There is no shortage of demand for BAE Systems’ services, with the firm enjoying a record order backlog of almost £78bn, three times its 2024 sales figures, which stood at £28.3bn. For 2025, this figure is forecast to rise to £30bn.
Mr Mould adds: “That sort of visibility may appeal to investors, during these uncertain times, whether the shares have already done well or not. But BAE’s shares now trade at nearly 19 times forward earnings for 2025. That is a premium of more than 30pc to the FTSE 100, so investors are having to pay up for the backlog and visibility of earnings.
“As such, the easy money may have been made by those who bought when ESG investing meant BAE was beyond the pale for many, but the manner in which share price gains and British and European strategic announcements may flush out a bid for Chemring suggests there could still be opportunities for investors to research.”

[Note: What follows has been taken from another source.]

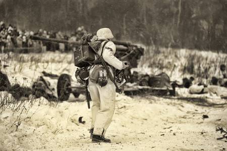 Member of Red Star military history club wears historical German uniform during historical reenactment of WWII. Historical military reenacting in Chernigow, Ukraine

Despite entrenched ESG trends, there are funds on offer for investors seeking exposure to defence stocks, says Darius McDermott, managing director of fund research firm FundCalibre.
“While many funds tend to avoid defence stocks due to ESG criteria, The City of London Investment Trust holds BAE Systems as one of their largest stocks. Investors who want a purer play on defence may wish to consider HANetf’s Future of Defence fund, which combines traditional defence names with cyber security stocks as well.”